The Council fully supports the European Parliament (amendment 10) as regards the clarification that the advance payment shall not constitute recognition of liability and may be offset against any subsequent sums paid. The Council, however, further specifies in which cases the advanced payment might be returnable in accordance with the Athens Convention and the IMO Guidelines.

(6)   Information to passenger

The Council supports the European Parliament as regards the characteristics (appropriate and comprehensible) of the information to be provided to passengers at latest on departure. Similar to the aviation sector, the Council proposes that a summary might be used to this end. However, the Council believes that there is no need to refer to the provisions of the Council Directive 90/314/EEC of 13 June 1990 on package travel, package holidays and package tours (amendment 12) because that directive already applies and is independent from the proposed regulation.

(7)   Delayed application

Similar to the European Parliament (amendments 13, 14 and 15), the Council has introduced a transitional provision allowing Member States to defer the application of the Regulation until four years of its application.
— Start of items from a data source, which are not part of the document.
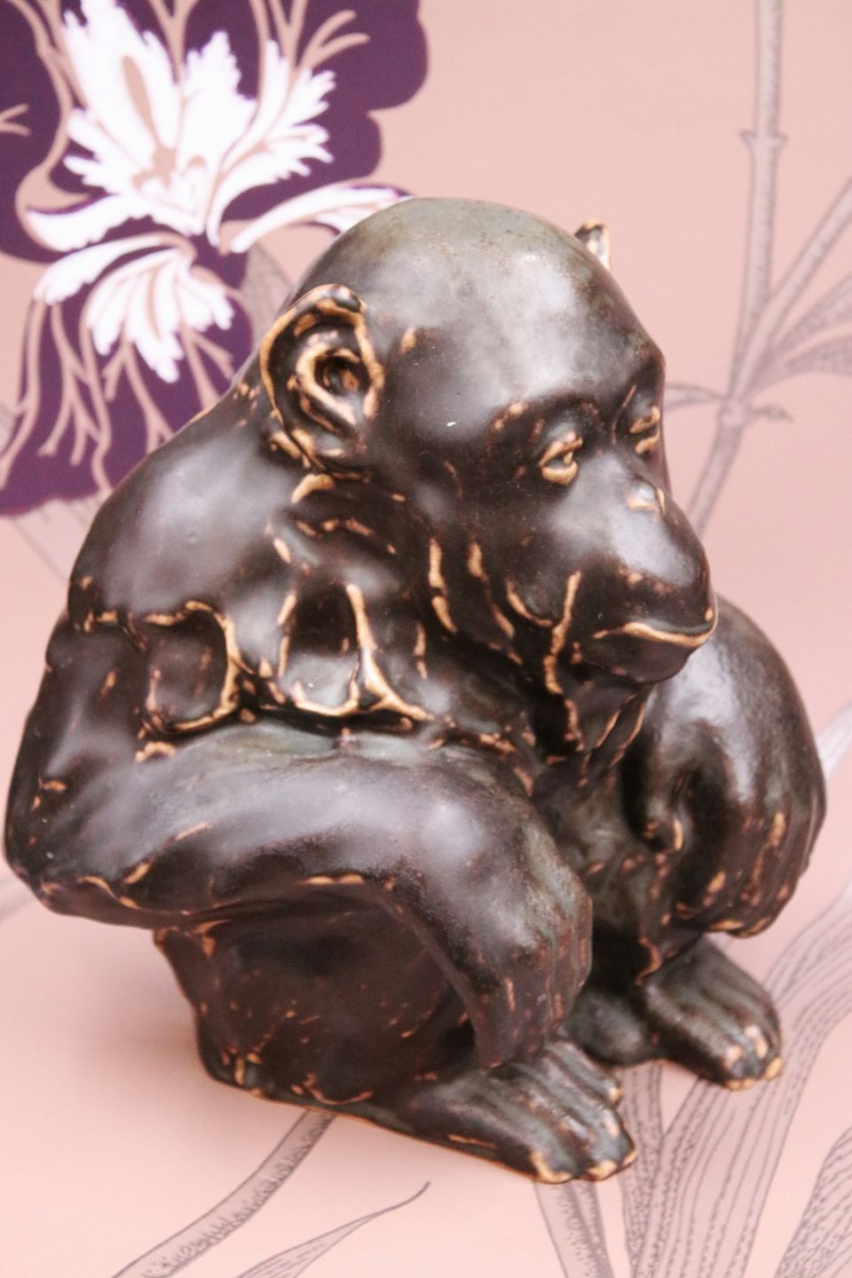 Bing & Grøndahl stentøjs figur af abe i sung glasur , design af Jean Rene Gauguin. H: 21,5cm. B: 20cm. D: 16cm.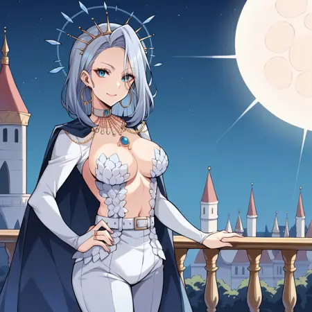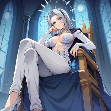Disclaimer: I've tried to make her cape look like butterfly wings as it should, but Ai would just make regular butterfly wings half of the time, so if you don't like the inconsistency, just remove "wing cape, blue cape, butterfly wings". They are at the end of the Prompt.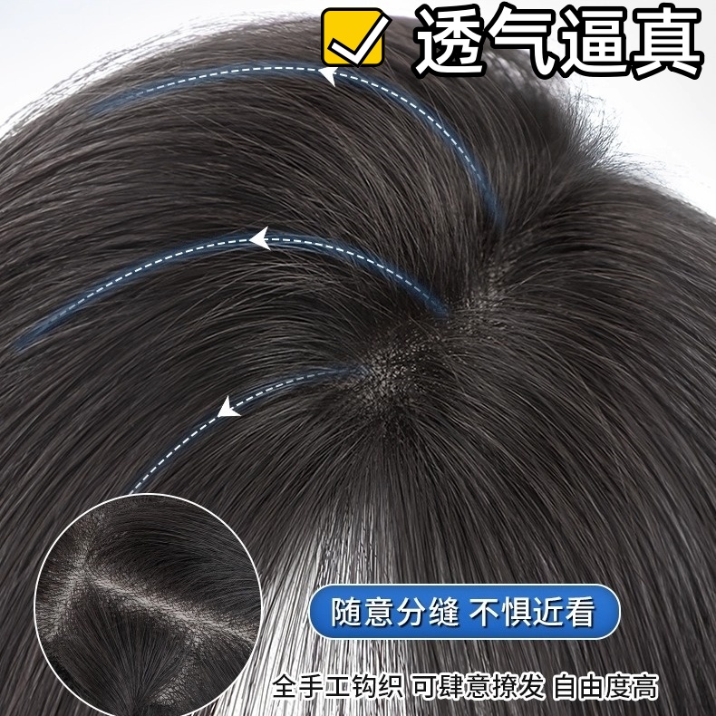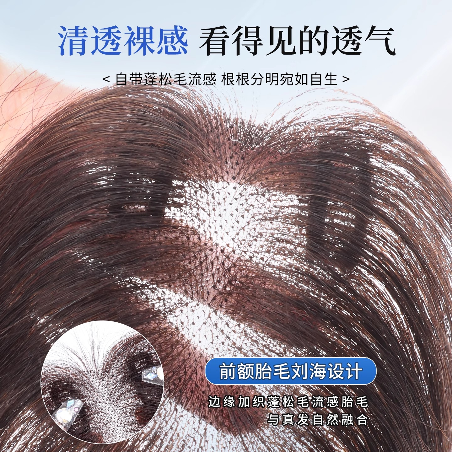 轻薄无痕全无边假发女片头顶蓬松增发量真发遮白发高颅顶刘海补发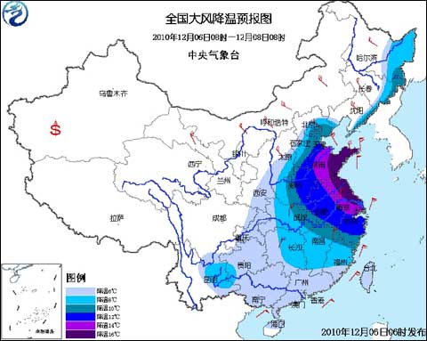 中央氣象臺(tái)2010年12月6日06時(shí)繼續(xù)發(fā)布寒潮藍(lán)色預(yù)警:預(yù)計(jì),12月6日08時(shí)至8日08時(shí),陜西東南部、華北中南部和東部、東北東部、黃淮、江淮、江漢、江南、華南及貴州、云南東部、重慶等地將出現(xiàn)6~10℃降溫,其中,華北東南部、黃淮、江淮、江南東北部等地的部分地區(qū)降溫幅度可達(dá)12~16℃;淮河以北大部地區(qū)有5~6級(jí)偏北風(fēng),江淮、江南有4~5級(jí)偏北風(fēng)。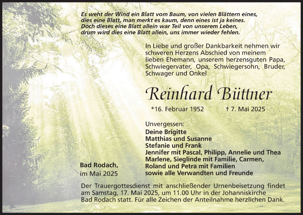 Hier finden Sie alle Traueranzeigen aus der Zeitung, die bisher für Reinhard Büttner erschienen sind. Weitere Traueranzeigen, die in der Zeitung erscheinen, werden hier ebenfalls aufgelistet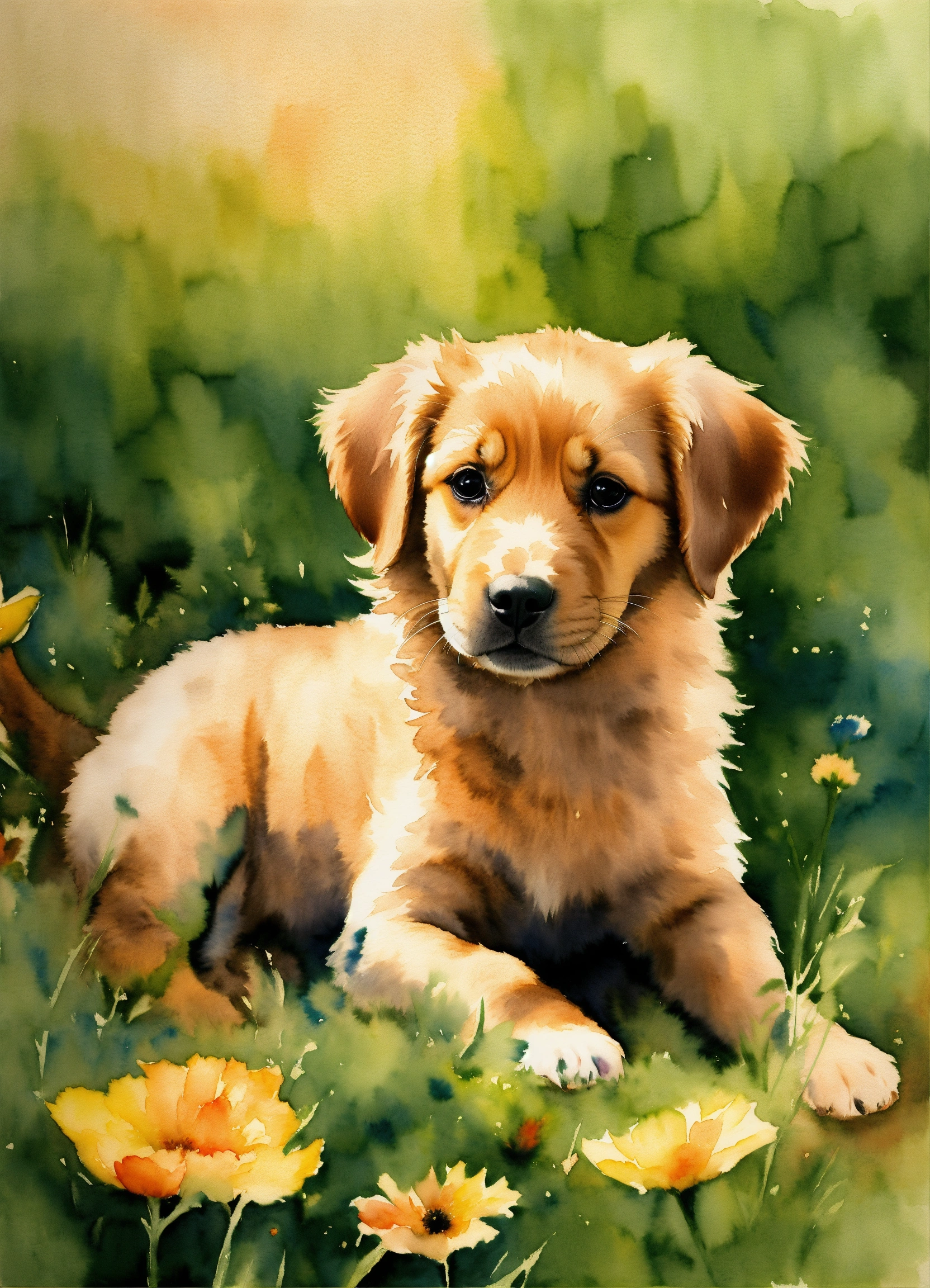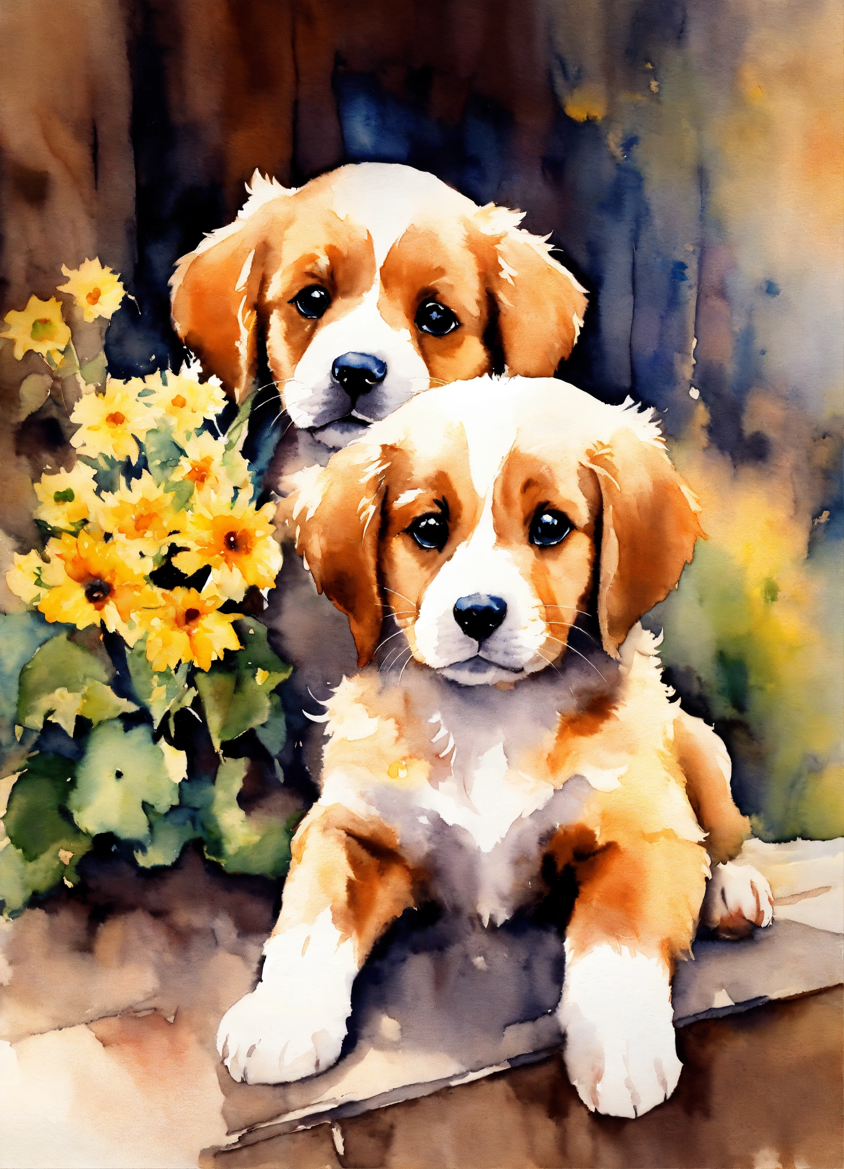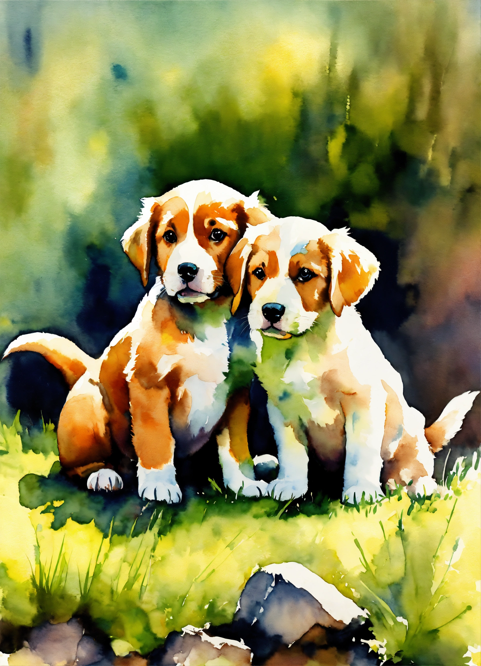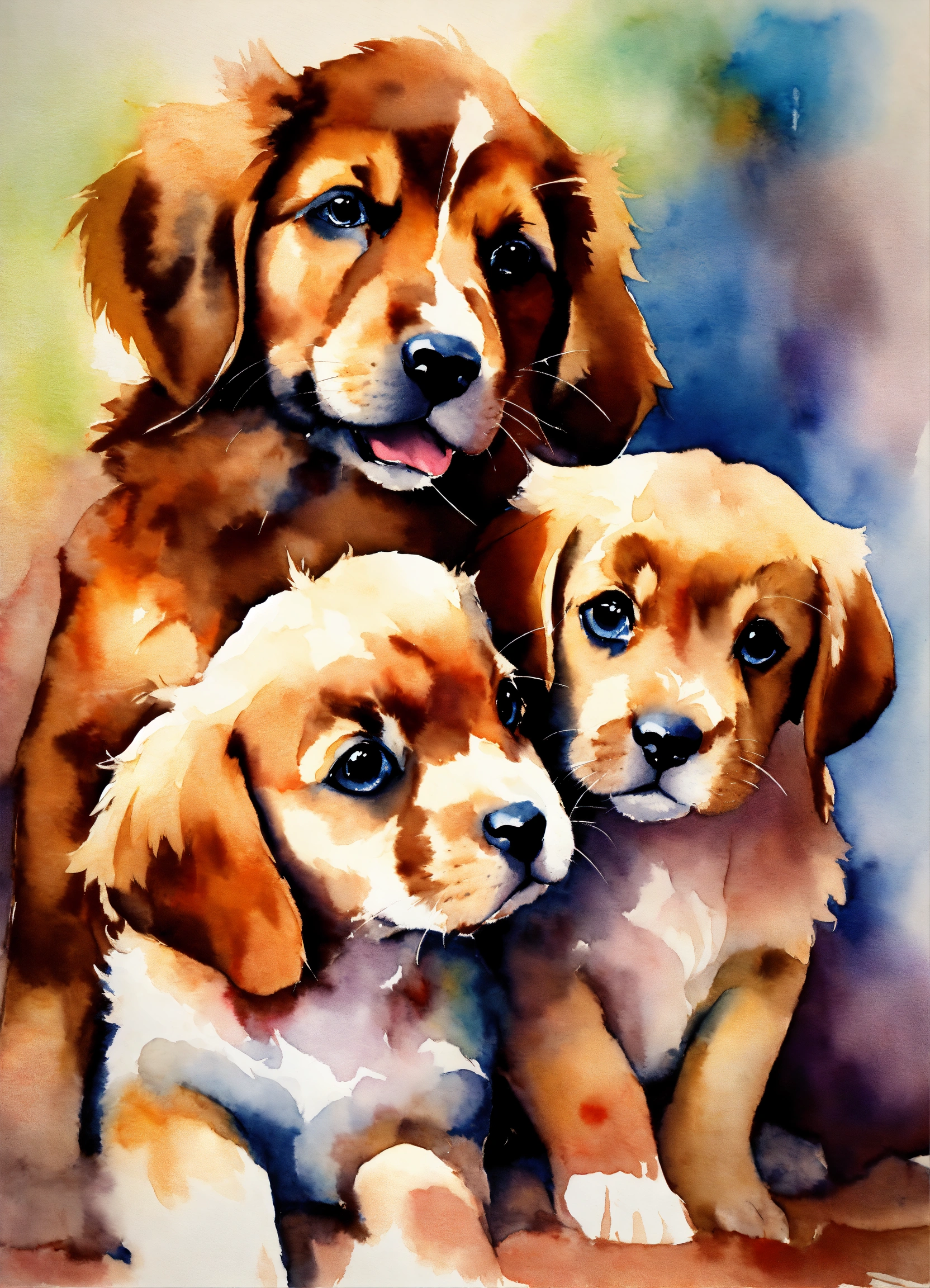 Watercolors painting puppies

Yet, the change of the Council to the Commission proposal applies to carriage by sea within a single Member State onboard ships covered by Class A in accordance with Article 4 of Directive 98/18/EC and not to domestic carriage by regular ferry lines (in the regions covered by article 299(2) TEC) as proposed by the European Parliament.

IV.   CONCLUSION

The Council believes that the common position represents a realistic approach, taking due account of the achievability of the proposal and its proposed additional provisions as well as the need for legal clarity.

The Council looks forward to constructive discussions with the European Parliament with a view to the early adoption of the Regulation.